### [Records shown]
________________________

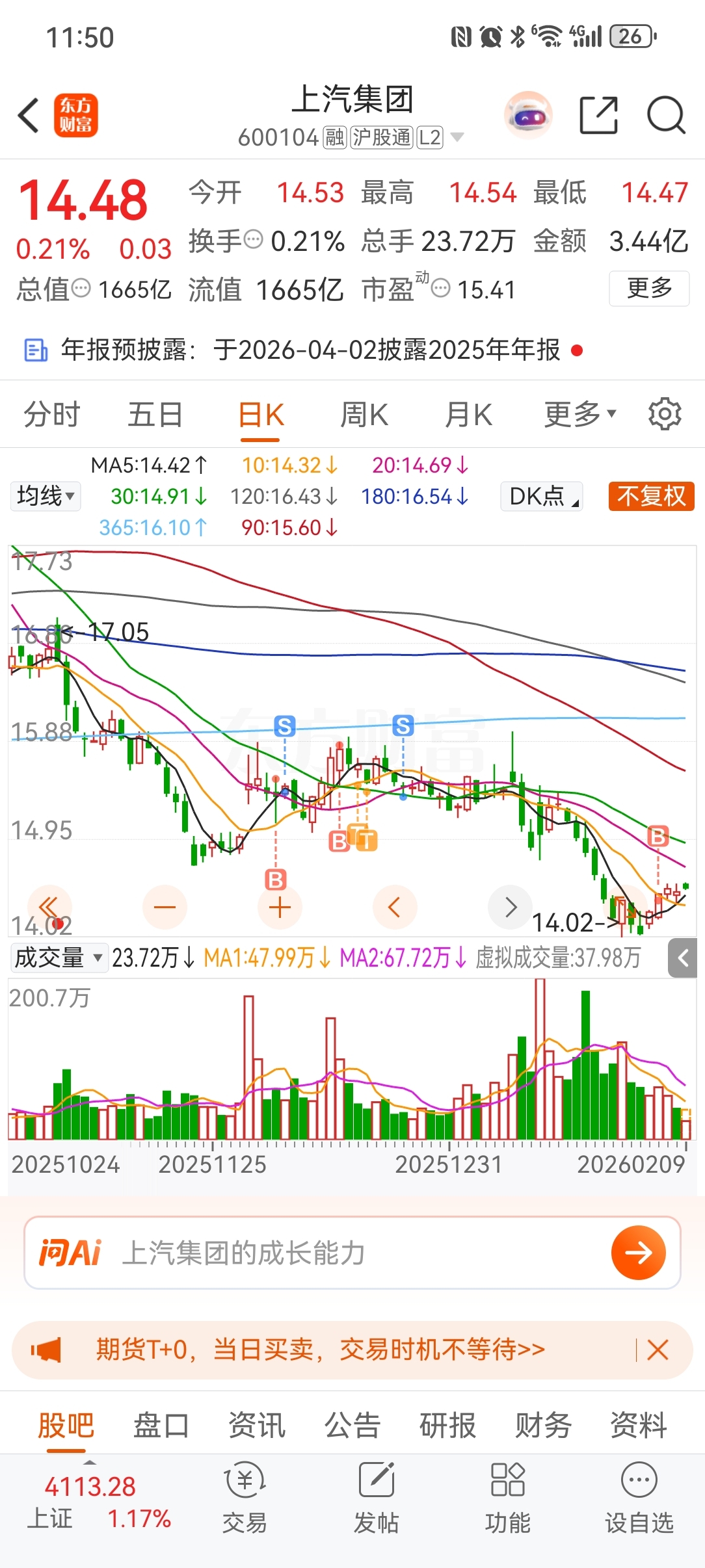 $上汽集团(SH600104)$ 敢大跌就斩仓
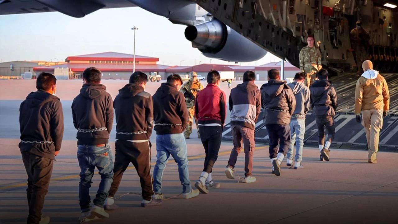 ABD “demokrasisinin” geldiği noktayı da gösteren bu ibretlik görüntü Beyaz Saray tarafından, “Sınırdışı etme uçuşları başladı” ifadesiyle paylaşıldı ve “Başkan Trump, verdiği sözleri tutuyor: ABD’ye yasadışı yollardan girenler ciddi sonuçlarla karşılaşacak” açıklaması yapıldı.
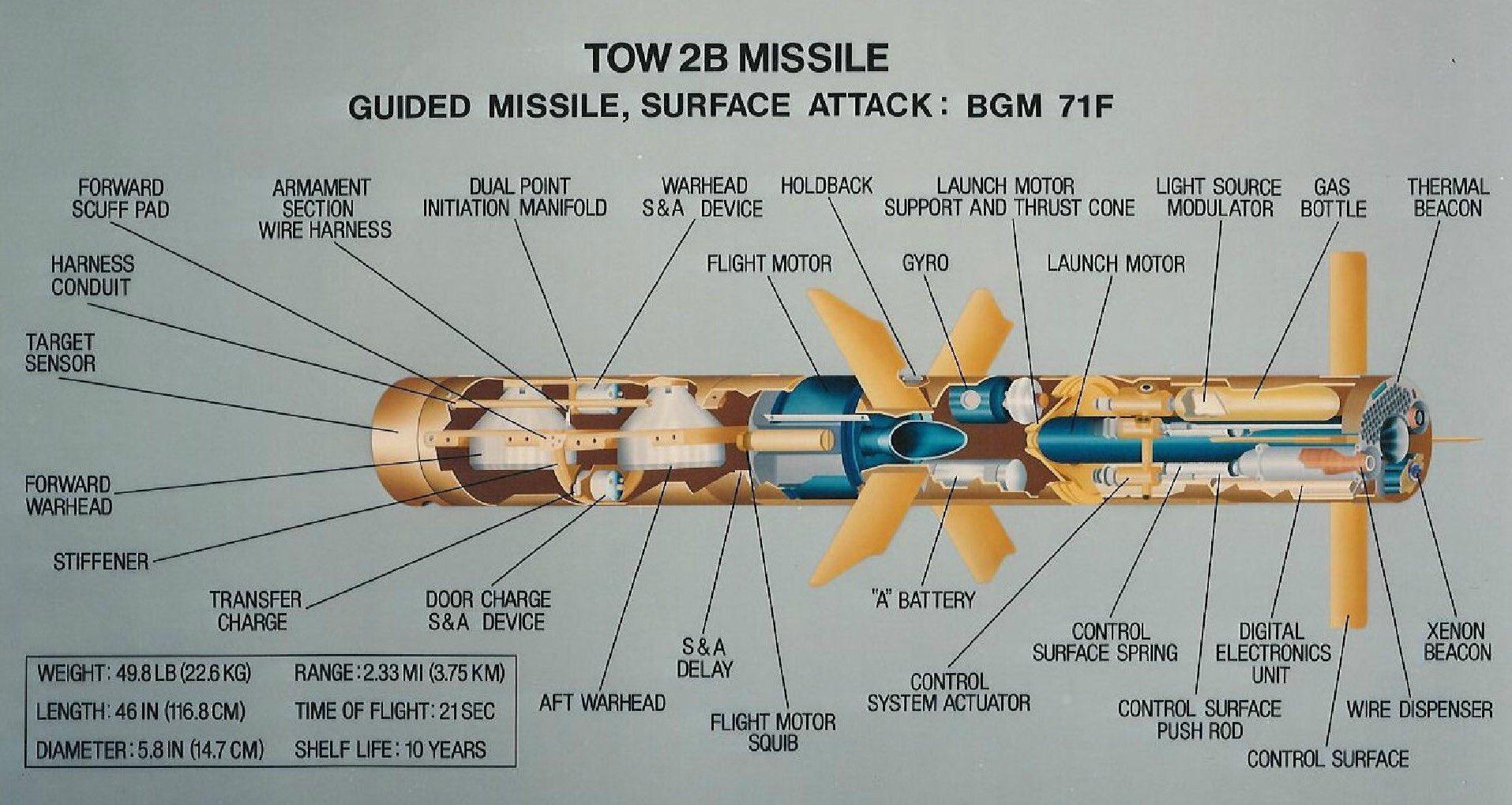 陶2B反坦克导弹采用掠飞攻顶,战斗部内包含2个钽制EFP战斗部,当导弹飞跃坦克时,自锻破片攻击坦克防护比较薄弱的顶部装甲。
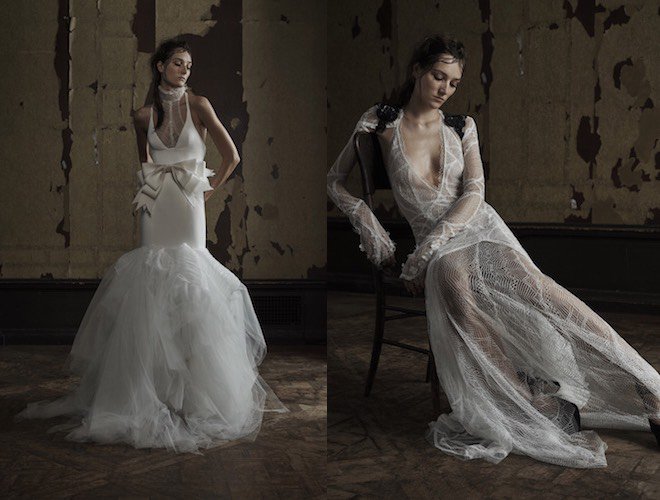 Ogni modello è diverso e particolare, ma molti prediligono uno stile “nude look” riproposto in diverse soluzioni: audaci ricami in pizzo, scollature profonde, vertiginosi spacchi, cut dress sui fianchi; abiti da sposa che forse si addicono poco ad un matrimonio in Chiesa, ma che sono perfetti per una sposa che non vuole passare inosservata. Lontano dalle mode tradizionali, gli abiti da sposa Vera Wang donano un look non convenzionale e di sicuro un po’ sopra le righe!
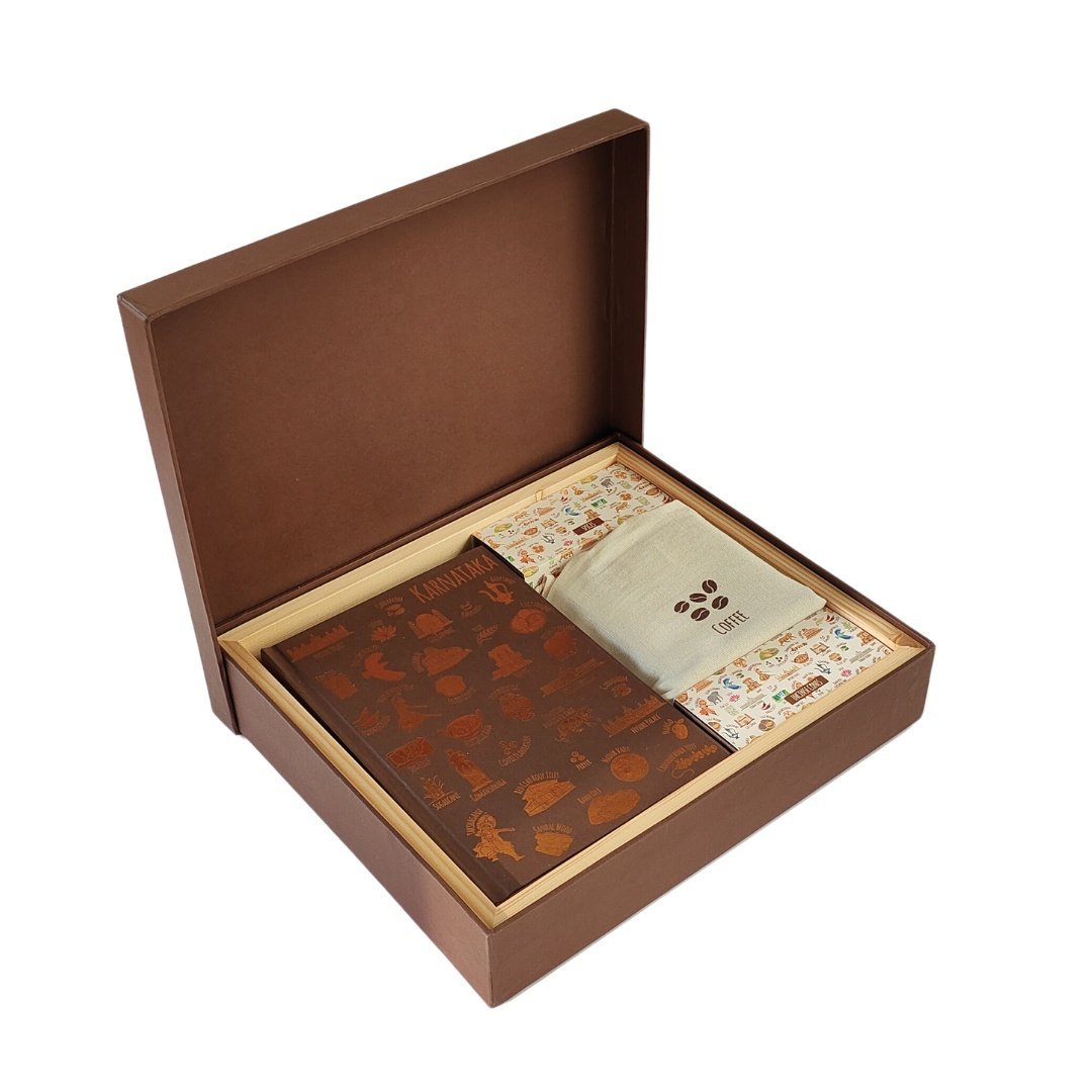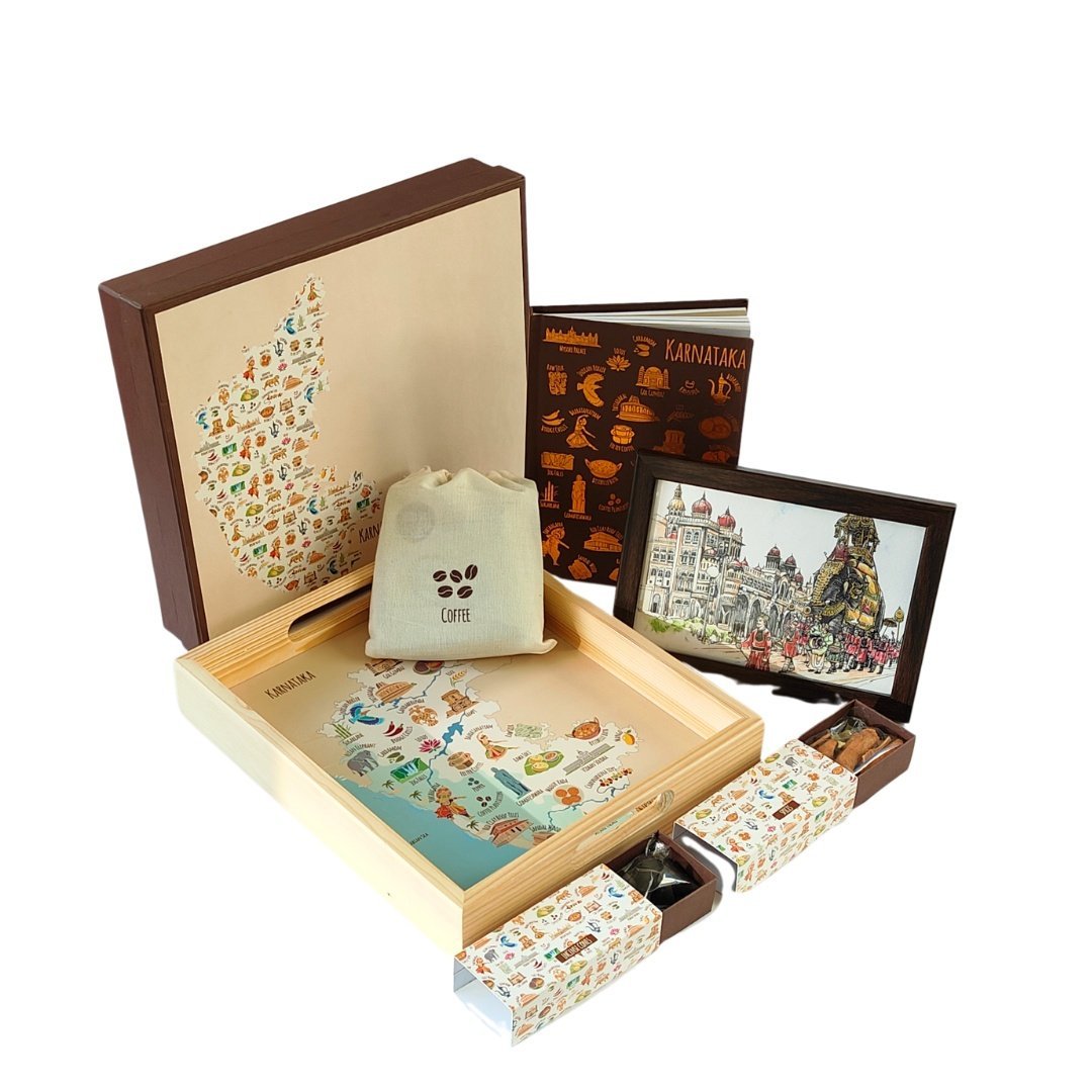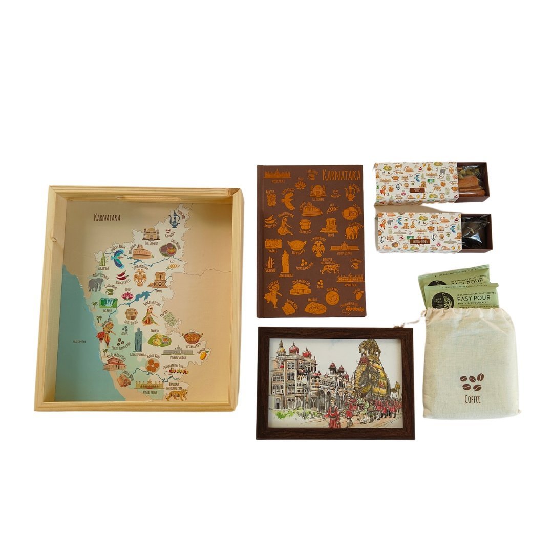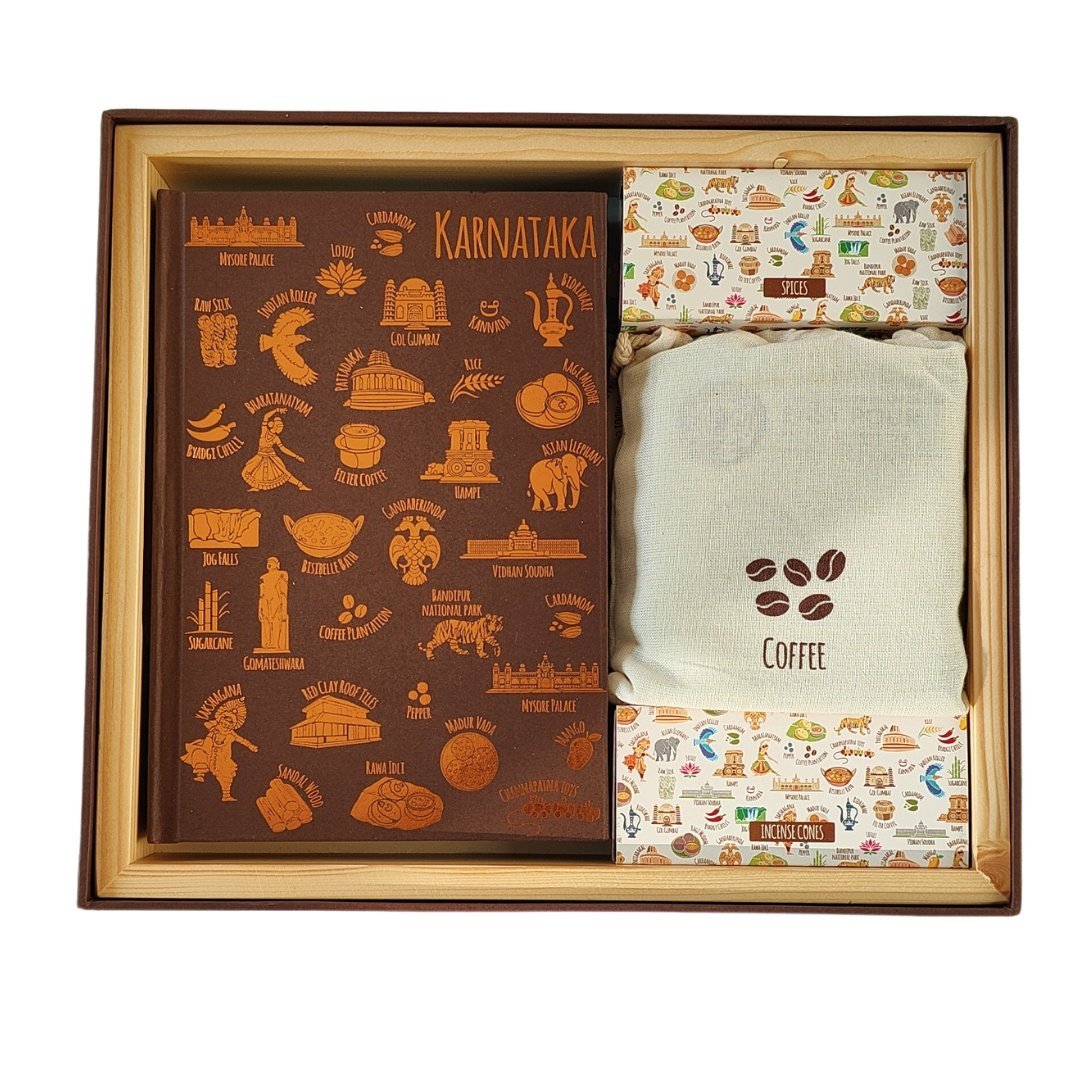 Contents include – Aromatic coffee, fragrant incense cones, handpicked spices, a beautifully crafted notebook with 3 interesting separators, and a canvas frame featuring a renowned landmark and wooden tray with the Karnataka map. A perfect gift that captures the spirit, artistry, and traditions of Karnataka.
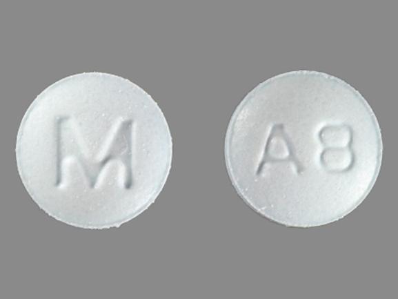 This medication is a Blue Round 6 mm, Tablet with imprint "M;A8". It contains Amlodipine besylate 2.5 mg; of Amlodipine besylate[amlodipine];. This belongs to the Dihydropyridine calcium channel blocker pharmacologic class. It is manufactured by Mylan Pharmaceuticals Inc.. For details please contact your physician.
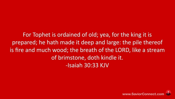 For Tophet is ordained of old; yea, for the king it is prepared; he hath made it deep and large: the pile thereof is fire and much wood; the breath of the LORD, like a stream of brimstone, doth kindle it. -Isaiah 30:33 KJV
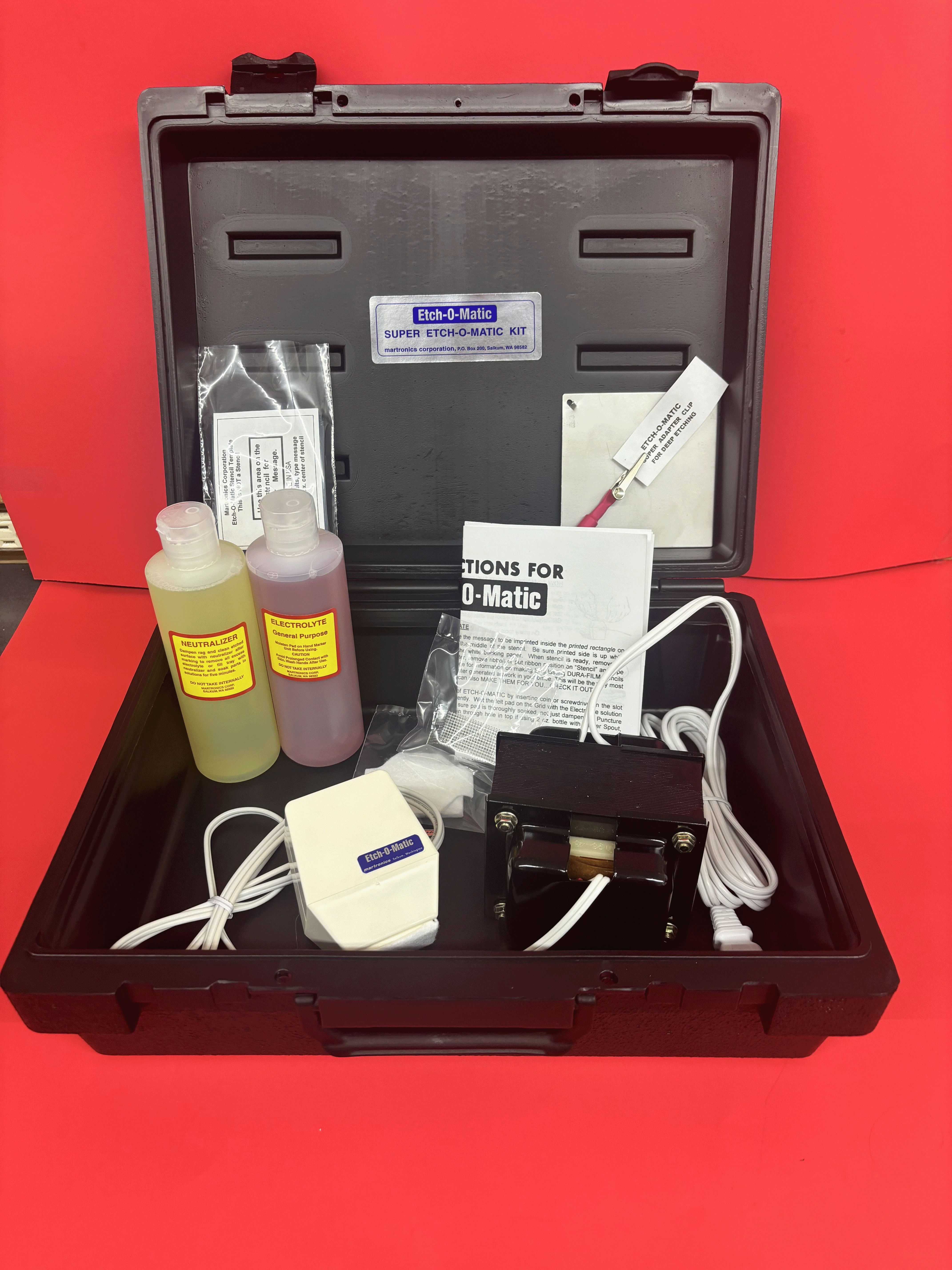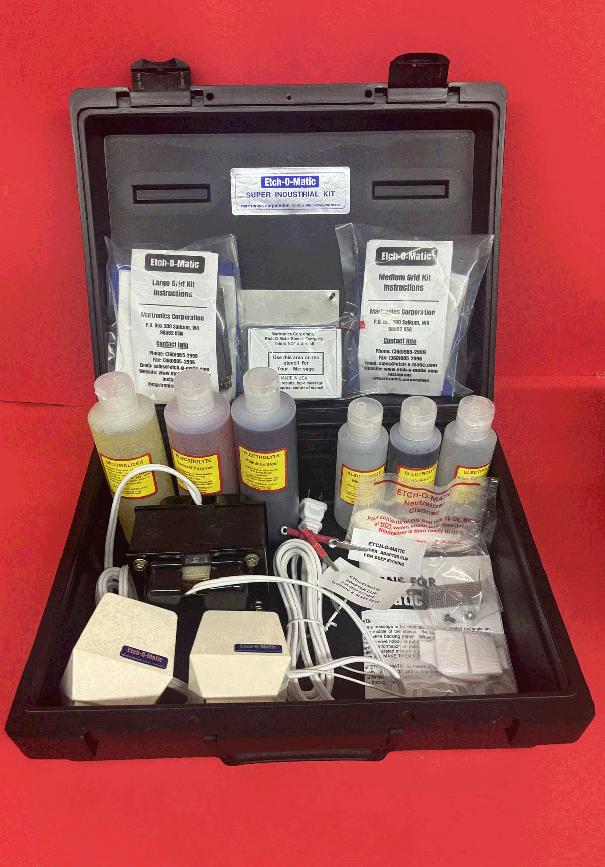 THE NEW SUPER ETCH-O-MATIC INDUSTRIAL KIT Combines the Best of Both of the TWO Kits Above and gives You enough Supplies to Mark Almost Any Type of Metal in the Average Plant. It also provides Great Value Because You get the Starter Kit 10-volt / 2-amp Unit Included FREE in the Kit.   Also Included is a Large 2" x 4" Grid that Allows You to Mark Much Larger Areas at the Same Time.   THIS IS REALLY A SUPER VALUE AT THIS LOW PRICE!

________________________

### [Brief]
The answer is the whole listing above, written out verbatim, without its pictures.

### [Result for this task]
 $上汽集团(SH600104)$ 敢大跌就斩仓
 ABD “demokrasisinin” geldiği noktayı da gösteren bu ibretlik görüntü Beyaz Saray tarafından, “Sınırdışı etme uçuşları başladı” ifadesiyle paylaşıldı ve “Başkan Trump, verdiği sözleri tutuyor: ABD’ye yasadışı yollardan girenler ciddi sonuçlarla karşılaşacak” açıklaması yapıldı.
 陶2B反坦克导弹采用掠飞攻顶,战斗部内包含2个钽制EFP战斗部,当导弹飞跃坦克时,自锻破片攻击坦克防护比较薄弱的顶部装甲。
 Ogni modello è diverso e particolare, ma molti prediligono uno stile “nude look” riproposto in diverse soluzioni: audaci ricami in pizzo, scollature profonde, vertiginosi spacchi, cut dress sui fianchi; abiti da sposa che forse si addicono poco ad un matrimonio in Chiesa, ma che sono perfetti per una sposa che non vuole passare inosservata. Lontano dalle mode tradizionali, gli abiti da sposa Vera Wang donano un look non convenzionale e di sicuro un po’ sopra le righe!
 Contents include – Aromatic coffee, fragrant incense cones, handpicked spices, a beautifully crafted notebook with 3 interesting separators, and a canvas frame featuring a renowned landmark and wooden tray with the Karnataka map. A perfect gift that captures the spirit, artistry, and traditions of Karnataka.
 This medication is a Blue Round 6 mm, Tablet with imprint "M;A8". It contains Amlodipine besylate 2.5 mg; of Amlodipine besylate[amlodipine];. This belongs to the Dihydropyridine calcium channel blocker pharmacologic class. It is manufactured by Mylan Pharmaceuticals Inc.. For details please contact your physician.
 For Tophet is ordained of old; yea, for the king it is prepared; he hath made it deep and large: the pile thereof is fire and much wood; the breath of the LORD, like a stream of brimstone, doth kindle it. -Isaiah 30:33 KJV
 THE NEW SUPER ETCH-O-MATIC INDUSTRIAL KIT Combines the Best of Both of the TWO Kits Above and gives You enough Supplies to Mark Almost Any Type of Metal in the Average Plant. It also provides Great Value Because You get the Starter Kit 10-volt / 2-amp Unit Included FREE in the Kit.   Also Included is a Large 2" x 4" Grid that Allows You to Mark Much Larger Areas at the Same Time.   THIS IS REALLY A SUPER VALUE AT THIS LOW PRICE!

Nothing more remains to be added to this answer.